◆ Task to complete: Return the data that follows exactly. Include every line.

◆ Dataset section:
--------
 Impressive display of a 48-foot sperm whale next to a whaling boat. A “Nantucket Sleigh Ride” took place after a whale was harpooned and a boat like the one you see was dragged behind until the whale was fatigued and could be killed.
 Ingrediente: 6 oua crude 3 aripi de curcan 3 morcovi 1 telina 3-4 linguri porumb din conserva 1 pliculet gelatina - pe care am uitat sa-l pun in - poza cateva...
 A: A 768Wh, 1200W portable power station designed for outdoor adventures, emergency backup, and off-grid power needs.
--------
◆ Solution for this exercise:
 Impressive display of a 48-foot sperm whale next to a whaling boat. A “Nantucket Sleigh Ride” took place after a whale was harpooned and a boat like the one you see was dragged behind until the whale was fatigued and could be killed.
 Ingrediente: 6 oua crude 3 aripi de curcan 3 morcovi 1 telina 3-4 linguri porumb din conserva 1 pliculet gelatina - pe care am uitat sa-l pun in - poza cateva...
 A: A 768Wh, 1200W portable power station designed for outdoor adventures, emergency backup, and off-grid power needs.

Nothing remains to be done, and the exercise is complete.